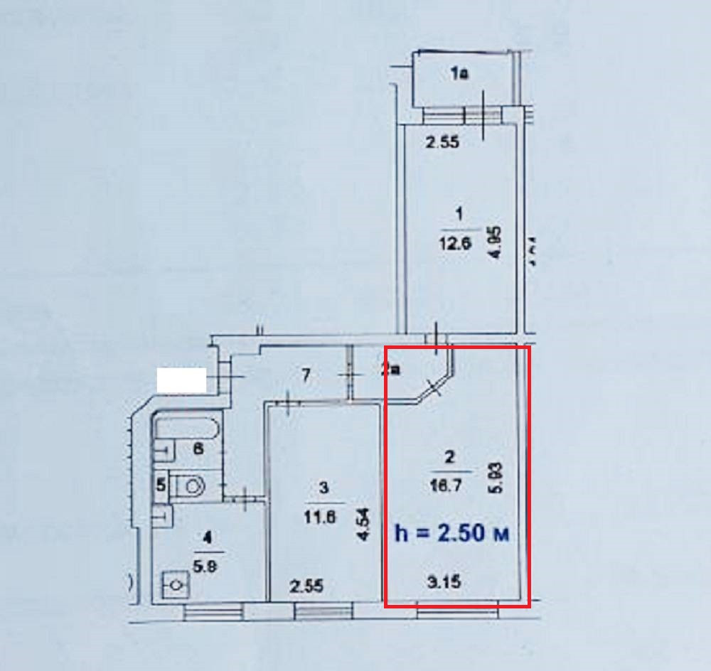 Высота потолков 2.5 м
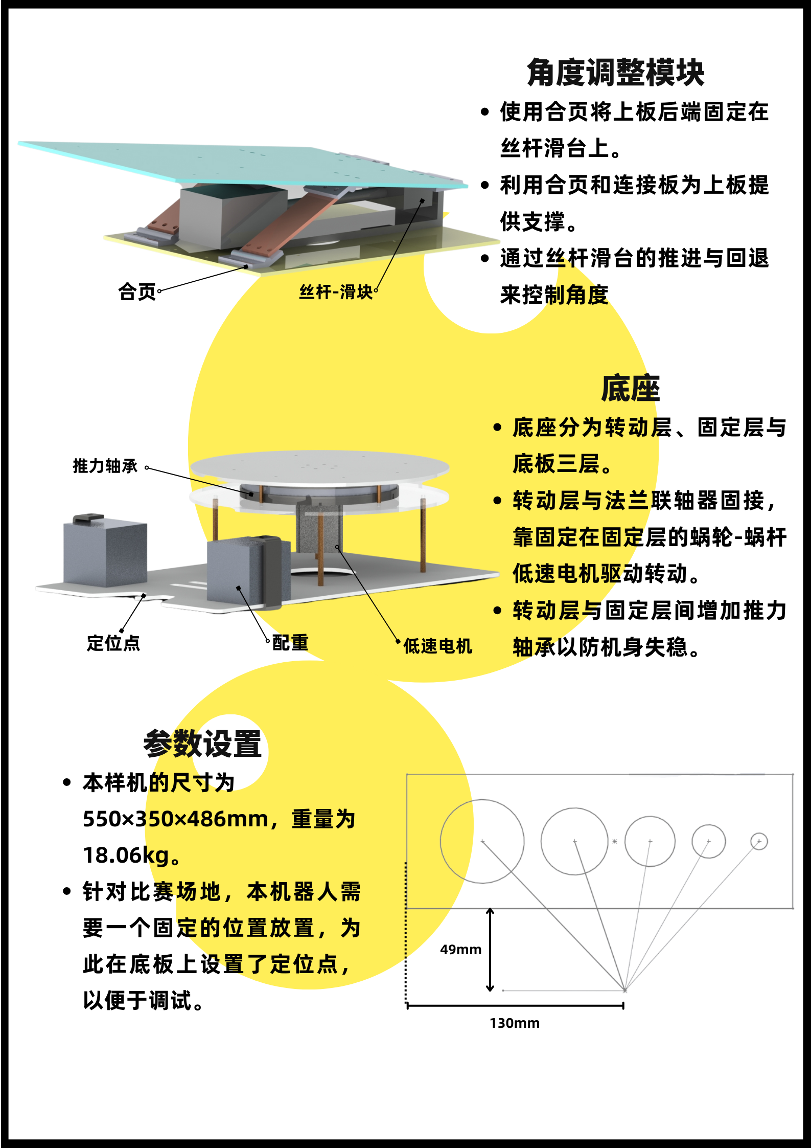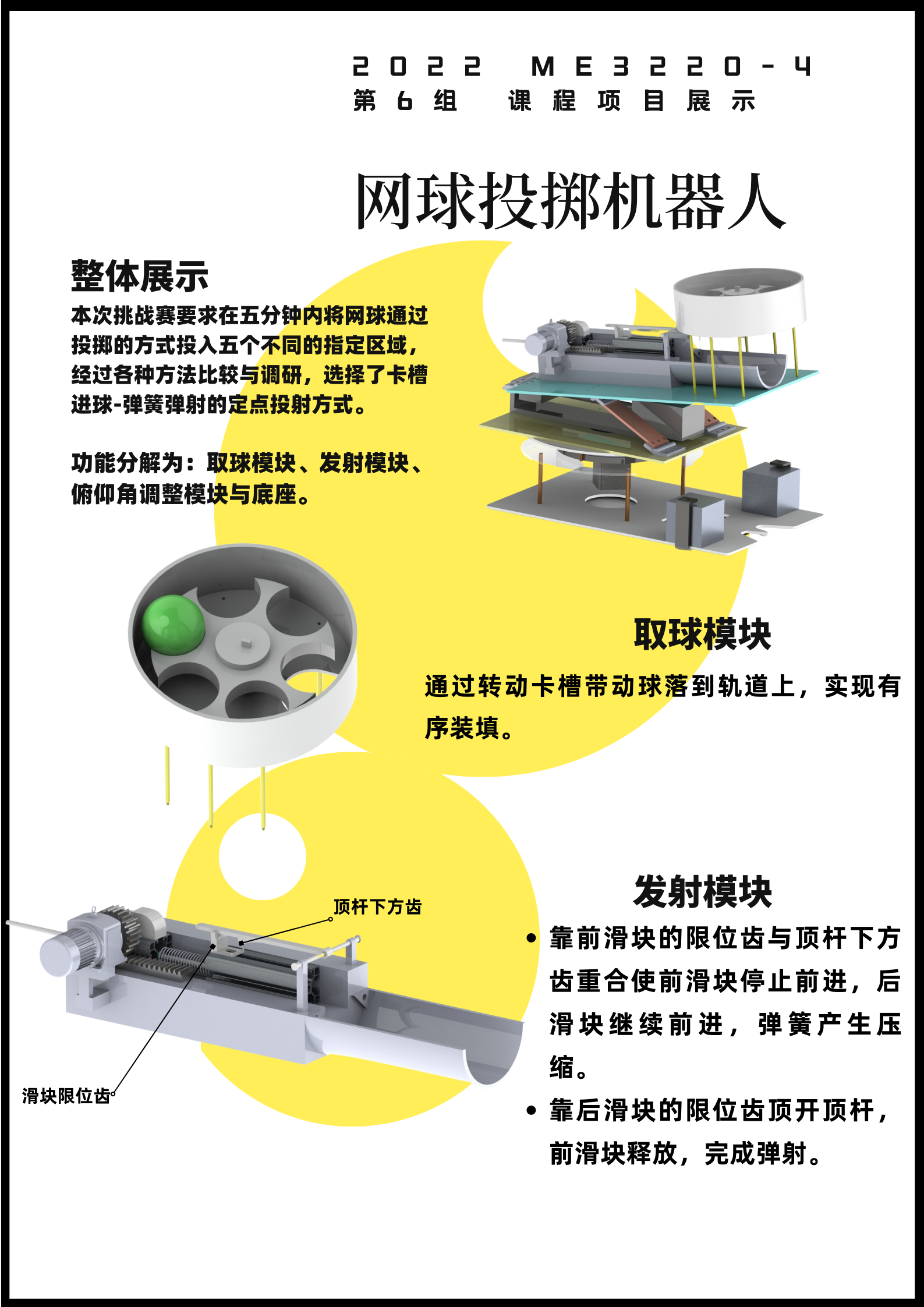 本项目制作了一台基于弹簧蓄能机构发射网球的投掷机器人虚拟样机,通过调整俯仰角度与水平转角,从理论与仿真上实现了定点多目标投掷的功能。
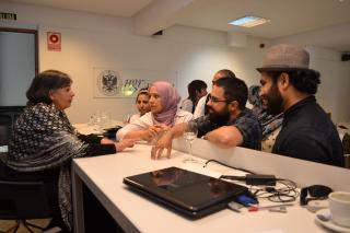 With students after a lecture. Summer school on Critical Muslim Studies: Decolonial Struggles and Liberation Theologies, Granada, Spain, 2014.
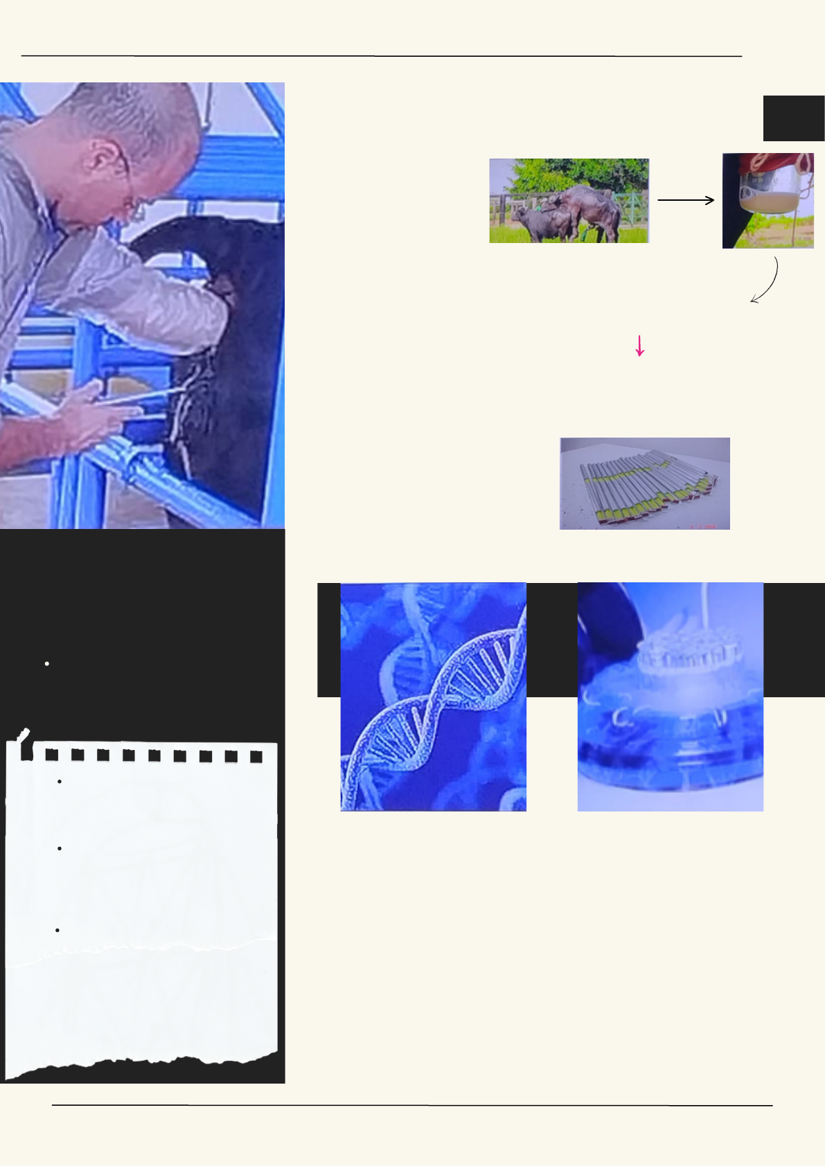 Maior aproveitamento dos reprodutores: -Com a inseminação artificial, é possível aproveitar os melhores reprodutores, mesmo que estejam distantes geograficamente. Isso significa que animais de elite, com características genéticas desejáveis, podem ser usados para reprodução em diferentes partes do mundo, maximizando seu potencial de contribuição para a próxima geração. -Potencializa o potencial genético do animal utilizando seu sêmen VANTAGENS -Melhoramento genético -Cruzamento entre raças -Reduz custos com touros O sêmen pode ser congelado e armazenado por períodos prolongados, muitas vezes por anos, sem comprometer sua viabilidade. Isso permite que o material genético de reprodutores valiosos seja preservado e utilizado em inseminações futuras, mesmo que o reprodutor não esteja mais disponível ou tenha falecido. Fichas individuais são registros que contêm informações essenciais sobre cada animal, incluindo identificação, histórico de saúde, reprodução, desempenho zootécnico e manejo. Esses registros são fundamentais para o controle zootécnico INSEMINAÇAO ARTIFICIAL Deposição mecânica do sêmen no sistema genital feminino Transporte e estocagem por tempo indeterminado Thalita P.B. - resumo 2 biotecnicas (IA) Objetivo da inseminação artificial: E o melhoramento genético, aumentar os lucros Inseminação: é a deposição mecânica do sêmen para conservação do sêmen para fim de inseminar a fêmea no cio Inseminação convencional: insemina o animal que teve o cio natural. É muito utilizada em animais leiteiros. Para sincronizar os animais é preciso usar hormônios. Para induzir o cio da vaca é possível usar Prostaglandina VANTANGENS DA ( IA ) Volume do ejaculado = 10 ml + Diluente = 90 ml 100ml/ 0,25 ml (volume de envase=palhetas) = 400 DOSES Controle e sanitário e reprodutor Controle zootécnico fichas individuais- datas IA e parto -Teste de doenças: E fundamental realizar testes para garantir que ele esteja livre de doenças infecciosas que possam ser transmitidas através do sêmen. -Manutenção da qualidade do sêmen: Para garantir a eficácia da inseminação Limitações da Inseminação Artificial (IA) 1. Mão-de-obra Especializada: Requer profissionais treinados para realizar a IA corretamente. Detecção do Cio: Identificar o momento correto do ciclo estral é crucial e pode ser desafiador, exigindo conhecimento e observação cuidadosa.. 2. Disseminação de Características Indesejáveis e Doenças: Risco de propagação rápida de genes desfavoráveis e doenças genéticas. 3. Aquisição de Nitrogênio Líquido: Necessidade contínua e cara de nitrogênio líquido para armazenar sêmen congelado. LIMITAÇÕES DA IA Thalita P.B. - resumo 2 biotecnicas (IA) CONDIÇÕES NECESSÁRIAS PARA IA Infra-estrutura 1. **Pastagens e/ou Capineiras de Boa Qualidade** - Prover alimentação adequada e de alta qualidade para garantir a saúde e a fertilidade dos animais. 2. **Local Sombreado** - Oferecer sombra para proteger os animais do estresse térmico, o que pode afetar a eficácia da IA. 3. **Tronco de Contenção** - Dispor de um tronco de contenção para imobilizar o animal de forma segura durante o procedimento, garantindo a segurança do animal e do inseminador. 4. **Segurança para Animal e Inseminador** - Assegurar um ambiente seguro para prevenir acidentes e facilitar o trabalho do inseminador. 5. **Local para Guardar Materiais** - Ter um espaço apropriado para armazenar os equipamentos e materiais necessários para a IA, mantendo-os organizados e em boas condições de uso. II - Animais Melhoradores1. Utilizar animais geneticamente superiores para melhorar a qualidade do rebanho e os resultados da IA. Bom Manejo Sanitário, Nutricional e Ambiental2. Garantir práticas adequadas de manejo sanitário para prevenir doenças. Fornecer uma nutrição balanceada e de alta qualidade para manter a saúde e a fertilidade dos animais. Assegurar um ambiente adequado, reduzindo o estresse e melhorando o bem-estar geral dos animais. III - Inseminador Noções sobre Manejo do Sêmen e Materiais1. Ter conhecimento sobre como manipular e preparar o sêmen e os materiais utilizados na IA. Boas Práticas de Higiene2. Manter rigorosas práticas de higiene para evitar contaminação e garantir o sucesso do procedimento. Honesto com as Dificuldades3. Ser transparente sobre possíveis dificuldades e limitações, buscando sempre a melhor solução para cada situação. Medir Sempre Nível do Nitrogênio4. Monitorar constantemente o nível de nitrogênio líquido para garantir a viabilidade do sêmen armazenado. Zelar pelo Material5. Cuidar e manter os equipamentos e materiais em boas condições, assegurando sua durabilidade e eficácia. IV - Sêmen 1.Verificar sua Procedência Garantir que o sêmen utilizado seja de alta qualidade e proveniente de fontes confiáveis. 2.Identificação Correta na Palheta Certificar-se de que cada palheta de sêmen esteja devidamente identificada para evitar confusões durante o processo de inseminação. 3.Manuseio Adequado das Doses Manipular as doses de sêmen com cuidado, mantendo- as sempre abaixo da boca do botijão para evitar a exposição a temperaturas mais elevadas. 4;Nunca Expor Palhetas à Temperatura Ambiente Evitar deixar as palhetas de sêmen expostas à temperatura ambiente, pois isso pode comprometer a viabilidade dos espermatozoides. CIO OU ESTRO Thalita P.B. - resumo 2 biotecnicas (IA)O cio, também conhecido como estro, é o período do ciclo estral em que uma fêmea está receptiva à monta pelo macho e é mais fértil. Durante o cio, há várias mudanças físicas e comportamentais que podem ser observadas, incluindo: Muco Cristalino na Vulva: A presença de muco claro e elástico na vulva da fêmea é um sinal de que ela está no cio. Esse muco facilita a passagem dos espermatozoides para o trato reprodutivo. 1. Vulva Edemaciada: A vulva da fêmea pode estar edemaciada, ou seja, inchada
* * *
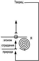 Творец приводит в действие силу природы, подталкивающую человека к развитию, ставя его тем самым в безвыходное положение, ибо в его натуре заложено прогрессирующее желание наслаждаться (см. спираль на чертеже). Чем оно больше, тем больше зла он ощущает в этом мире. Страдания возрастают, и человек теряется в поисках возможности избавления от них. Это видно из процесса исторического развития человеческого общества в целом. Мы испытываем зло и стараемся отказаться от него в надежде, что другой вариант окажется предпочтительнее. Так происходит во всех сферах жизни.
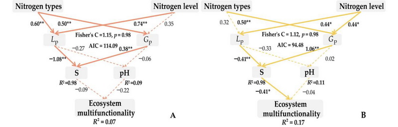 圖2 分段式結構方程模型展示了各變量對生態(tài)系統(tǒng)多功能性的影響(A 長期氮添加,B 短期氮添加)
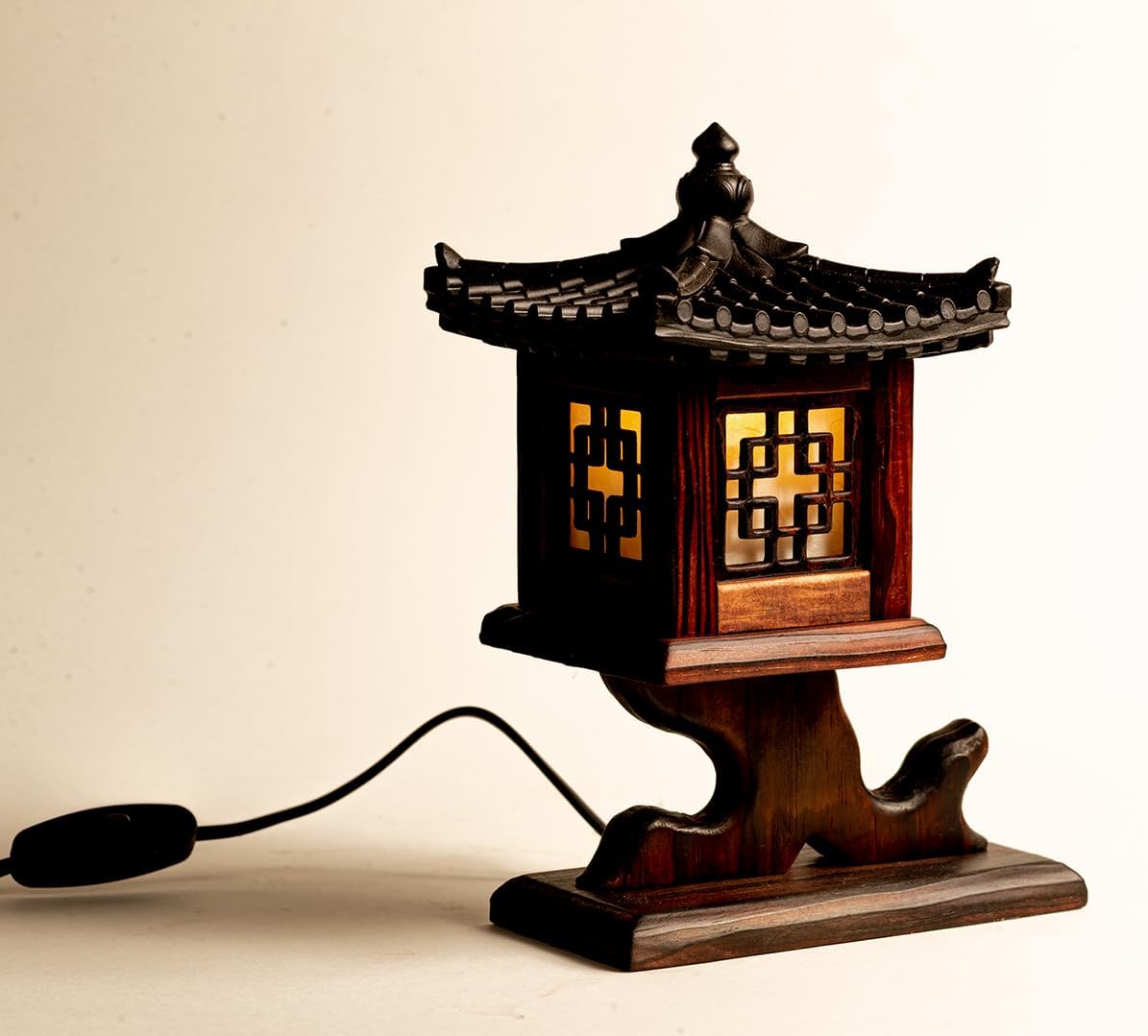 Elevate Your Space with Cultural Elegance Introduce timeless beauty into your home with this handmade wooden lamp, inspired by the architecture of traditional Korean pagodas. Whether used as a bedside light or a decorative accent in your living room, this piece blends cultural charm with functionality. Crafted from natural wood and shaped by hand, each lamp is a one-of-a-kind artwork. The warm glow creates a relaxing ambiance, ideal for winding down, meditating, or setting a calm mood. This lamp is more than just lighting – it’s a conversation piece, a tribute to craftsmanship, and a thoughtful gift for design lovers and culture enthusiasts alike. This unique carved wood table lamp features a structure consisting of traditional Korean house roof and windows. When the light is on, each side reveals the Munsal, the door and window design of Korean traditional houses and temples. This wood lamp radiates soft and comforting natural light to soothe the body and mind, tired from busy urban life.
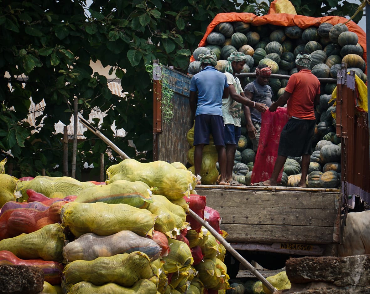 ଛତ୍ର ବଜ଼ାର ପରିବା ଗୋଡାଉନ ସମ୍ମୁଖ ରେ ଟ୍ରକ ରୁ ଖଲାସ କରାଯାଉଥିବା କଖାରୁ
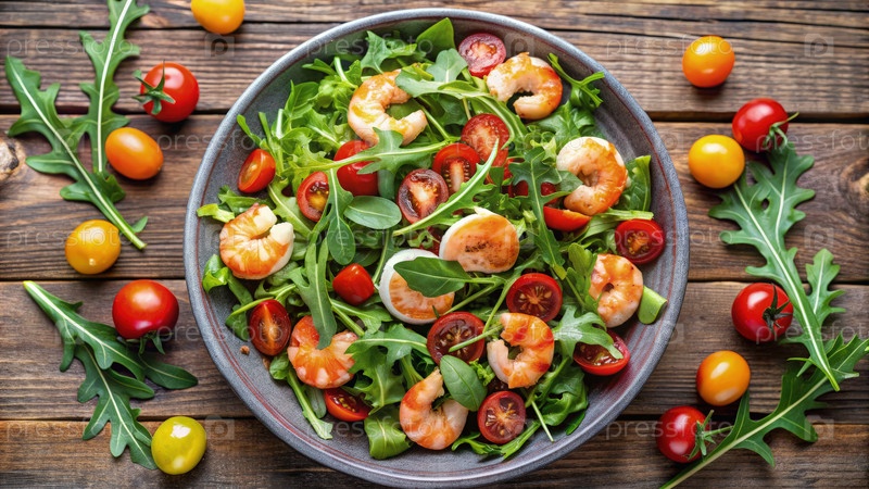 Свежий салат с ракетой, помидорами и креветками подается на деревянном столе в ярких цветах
==
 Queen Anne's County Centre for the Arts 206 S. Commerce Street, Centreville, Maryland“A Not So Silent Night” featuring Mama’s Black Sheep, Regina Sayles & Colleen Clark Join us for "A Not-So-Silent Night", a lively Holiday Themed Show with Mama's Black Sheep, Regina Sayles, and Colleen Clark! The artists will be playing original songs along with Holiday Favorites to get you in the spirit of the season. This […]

> _Problem_:
The copy should hold only the lines from the one with "ଛତ୍ର ବଜ଼ାର ପରିବା" through the one with "Свежий салат с", exactly as they stand above. Leave out the pictures.

> _Problem solution_:
 ଛତ୍ର ବଜ଼ାର ପରିବା ଗୋଡାଉନ ସମ୍ମୁଖ ରେ ଟ୍ରକ ରୁ ଖଲାସ କରାଯାଉଥିବା କଖାରୁ
 Свежий салат с ракетой, помидорами и креветками подается на деревянном столе в ярких цветах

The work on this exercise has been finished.